Weekly Wire
Weekly Alibi Speed Reader

By Susan Scuurman, Aaron J. Emmel, Todd Gibson and Jessica English

MARCH 23, 1998: 

Perfidia
by Judith Rossner (Doubleday, cloth, $23.95)

Like the song, Perfidia is dedicated to the pain of betrayal. But rather than a lover's lament, this emotionally complex novel from the author of Looking for Mr. Goodbar focuses on the abusive relationship between an alcoholic mother and her daughter Madeleine. Set in Santa Fe, this haunting story is told in the first person by a disillusioned Madeleine, a fierce survivor of her mother's mood swings and manipulations. Her mother, an art gallery manager, brings home various drug-addicted drifters who inevitably serve as Madeleine's father-figures. The progression in Perfidia is chilling--while we observe Madeleine's mother becoming increasingly cruel and brutally distant, Madeleine clings ever tighter to her, the only security and stability she's ever known. There are some tedious distractions: predictable Hispanic stereotypes for the boyfriend (strong, silent, great lover) and various adult females (nurturing, selfless caregivers) and laughable sex scenes with unrealistic levels of expertise between 14-year-old virgins. But despite its flaws, Madeleine's raw story sticks with you for its slow revelations of how a child can be molded into an unpredictable and unstable fuse with nothing to lose. (SS)


Cagney
by John McCabe (Knopf, cloth, $29.95)

James Cagney couldn't understand why anyone would want to read, much less write, his biography. But the neighborhood tough who rose from poverty in New York's Lower East Side, flirting with careers in boxing and baseball before becoming a song-and-dance man in vaudeville (because the money was good), captured America's imagination by remaining one of Hollywood's greatest and most talented stars for three decades and 64 feature films. John McCabe, a professional actor from the age of seven and an acting instructor at several prestigious colleges, who also became Cagney's confidant and friend, writes fluently about the technical aspects of the screen and stage. Although he tries to balance his reporting with the life of Cagney as a person, and despite Cagney's claims that his work in front of the camera was only a job, it is through explanations of Cagney's method of acting that we are given the closest glimpses of who Cagney--unpretentious and open to the end--was as a man. (AJE)


A Zuni Life
by Virgil Wyaco (UNM Press, paper, $17.95)

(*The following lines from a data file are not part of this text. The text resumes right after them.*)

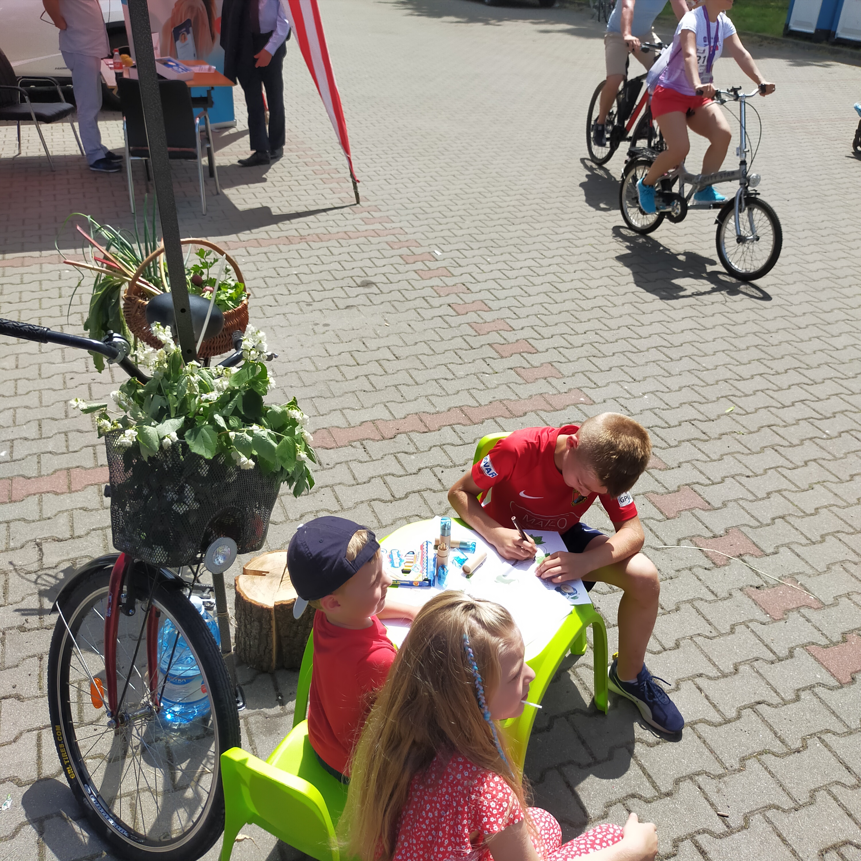3. Ekspozycję warzyw, ziół i kwiatów ułożonych w koszach na rowerze oraz ułożone jabłka w skrzynce na stoliku, którymi częstowały się osoby odwiedzające stoisko.
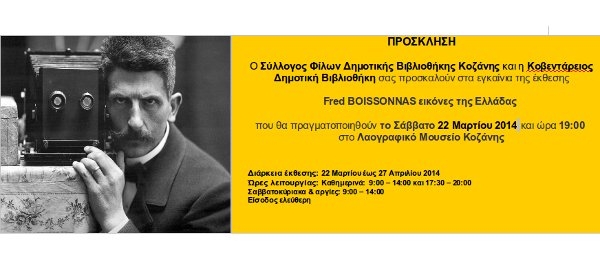 Ο Σύλλογος Φίλων Δημοτικής Βιβλιοθήκης Κοζάνης και η Κοβεντάρειος Βιβλιοθήκη σε συνεργασία με το Ριζάρειο Ίδρυμα, διοργανώνουν έκθεση φωτογραφίας με θέμα: Fred BOISSONNAS εικόνες στην Ελλάδα.
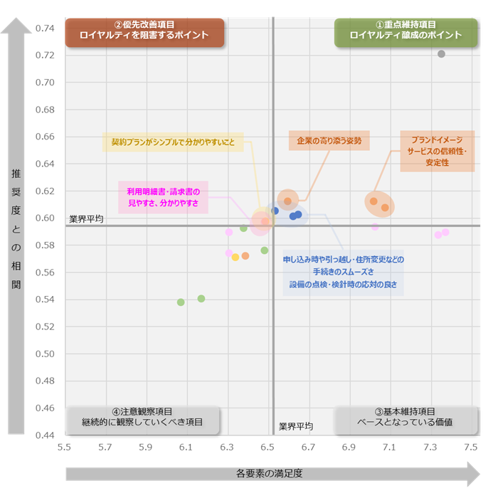 20の項目別に業界全体のロイヤルティの要因を分析したところ、「企業の信頼性・ブランドイメージ」や「サービスの信頼性・安定性」、「お客さまに寄り添う姿勢・大切にする姿勢」がロイヤルティを醸成する要因となりました。また、「申し込み時の手続きのスムーズさ」や「引越し手続きや住所変更、プラン変更などの手続きのスムーズさ」に加え、「設備の点検・検針時の応対の良さ」といった手続きや応対品質に関する項目がNPSを高める要因となりました。
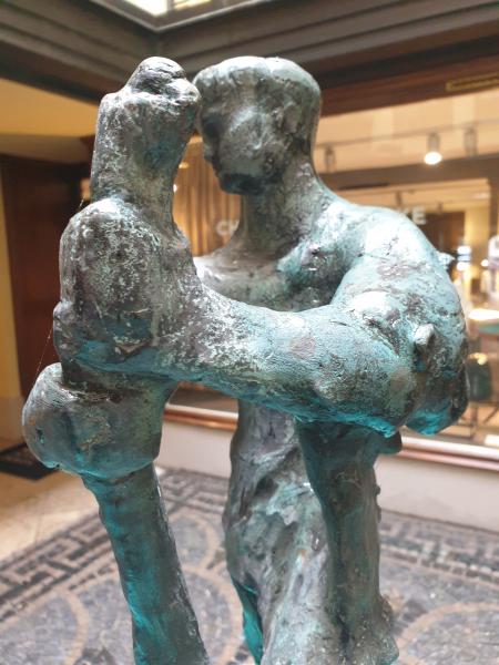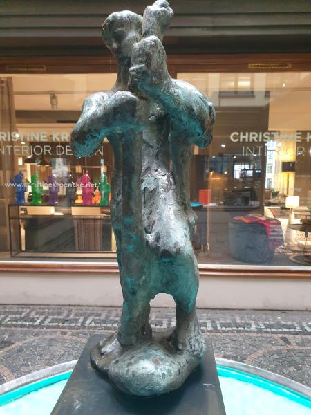 Bronzeschale. Darüber auf einem weiteren kleineren Sockel die Bronzeplastik,
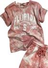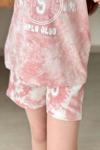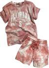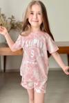 Kız Çocuk Florida Yazı Baskılı Penye T-Shirt Pudra Şortlu Takım
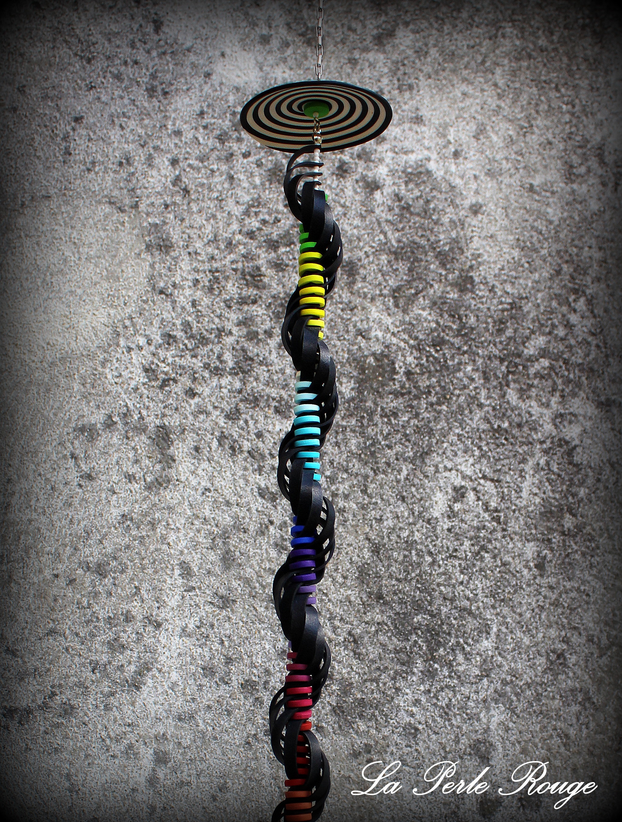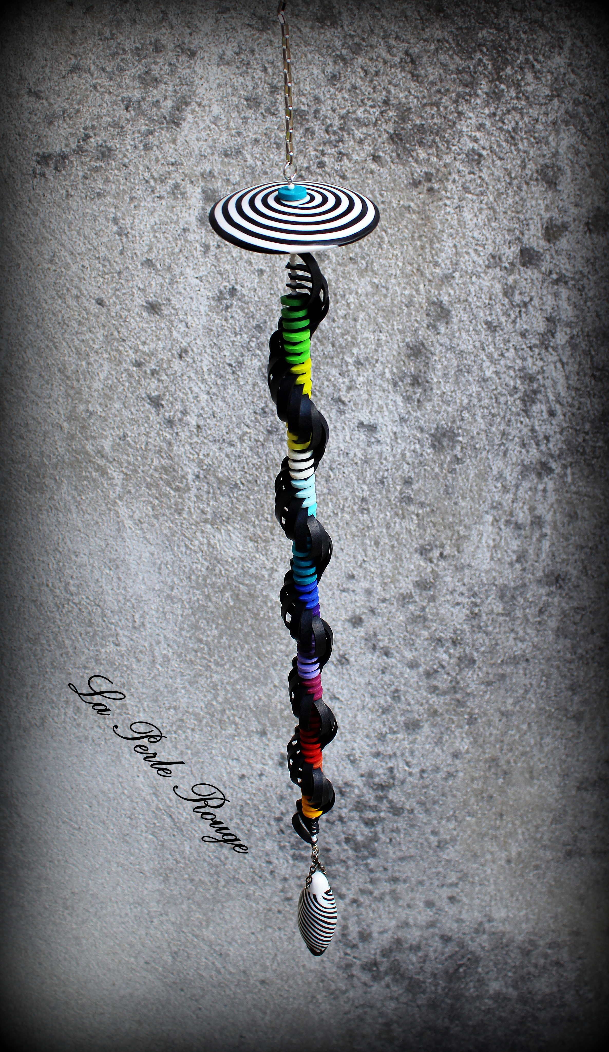 Trouvant que c’était, en tout cas de cette taille, un peu complexe à porter en collier, je l’ai décliné en suspension :
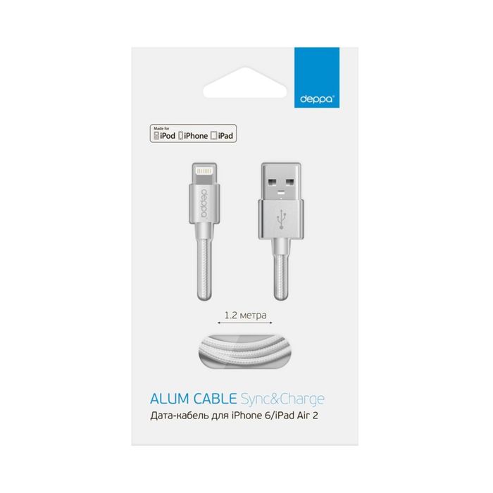 Кабель Deppa (72187) MFI алюминий/нейлон Apple 8-pin, серебрянный, 1,2 м — это аксессуар, который увеличивает функциональность компьютера или другого прибора, подключая интерфейсы смежных устройств.
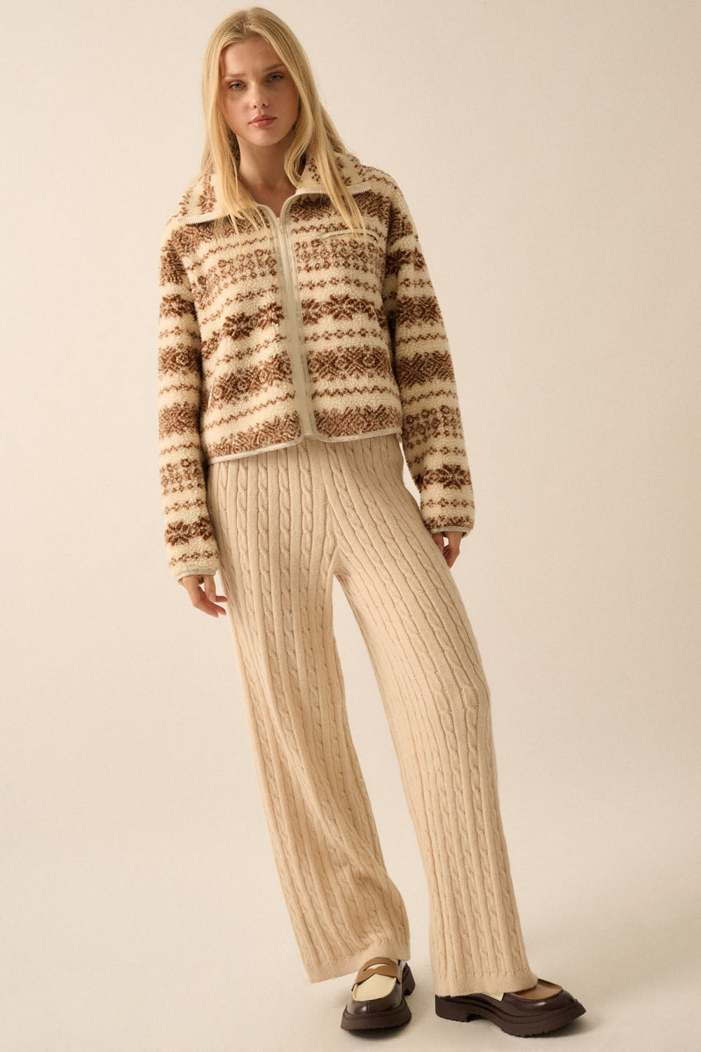 Alpine-Print Sherpa Fleece Pocket Jacket
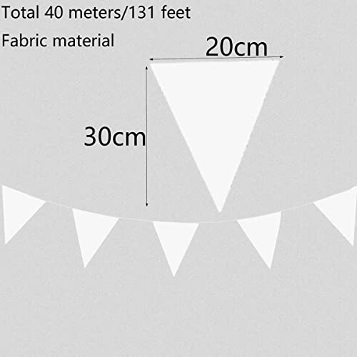 ZSNICEYH 40 metri 131 piedi bianco tessuto bandierine triangolari bandierine bandierine bandierine per feste decorazioni ghirlande per matrimoni interni ed esterni
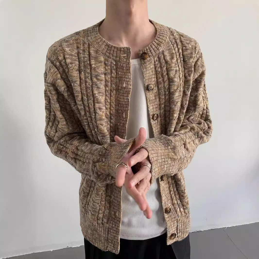 대조적 인 트위스트 긴 소매 니트 카디건 남자 가을 새로운 올드 머니 스타일 느슨한 캐주얼 게으른 스타일 스웨터 재킷
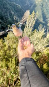 Becky feeding a friendly bird at Vereda dos Balcoes
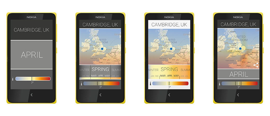 Using the app you could browse a map of the world that was overlayed with data about temperature, precipitation, sunlight and humidity. This was colour coded, showing the average condition for the current month, plus an upper and lower band. Users could browse quickly through the months of an average year, seeing the conditions change on the map.

In what is perhaps an ongoing attempt to educate poor gringos like myself, the University of New Mexico Press presents the autobiography of Virgil Wyaco: Zuni Indian, UNM graduate, tribal council member and World War II veteran. J.A. Jones, a Las Vegas, N.M.,-based anthropologist and old college roommate of Wyaco, transcribed the Zuni's story from a series of interviews into a solid narrative that makes up in homespun wisdom and charm what it lacks in formal polish.

Wyaco left his pueblo at a young age to seek an education in Albuquerque, an act that left him in many ways between two worlds; and it is his attempt to reconcile his upbringing with the complications of modern life that makes the book so fascinating. Wyaco dealt with prejudice, intertribal marriage and innumerable attempts at careers in his life with the same patience and humility that earned him the nickname of "Honest Zuni." And his story also offers tantalizing glimpses into Pueblo culture, like the Shalako ceremony and the sacred lake of Kothluwalawa where the dead dance for eternity. (TG)


Seasons in the Desert
by Susan J. Tweit (Chronicle, cloth, $19.95)

There couldn't be a more perfect time to release Seasons in the Desert, during the fickle, teasing weeks just before spring. Susan J. Tweit, whose New-Mex/West-Tex public radio program called "Wild Lives" inspired this book, divides desert life into the four seasons. Each five- or six-page profile of desert life--plants, animals and insects--is illustrated with an elegant sepia- and olive-tinted watercolor by Kirk Caldwell, one of the elements that makes the design of Seasons its strongest, slickest feature. Mind you, this is not a "Naturalist's Notebook" (as subtitled) that you'll pack along with you on nature hikes. Because it covers the Great Basin, Mojave, Sonora and Chihuahua Deserts, Seasons is a bit limited in range. Though deserts are synonymous with desolation, they overflow with life; and Tweit is only able to include a handful of species for each season. She writes about desert life quite eloquently--using science, folklore and anecdote. But Seasons is little more than a shelf flower, a book that you'll buy in a fit of nostalgia and hastiness to experience the next life-giving desert season. (JE)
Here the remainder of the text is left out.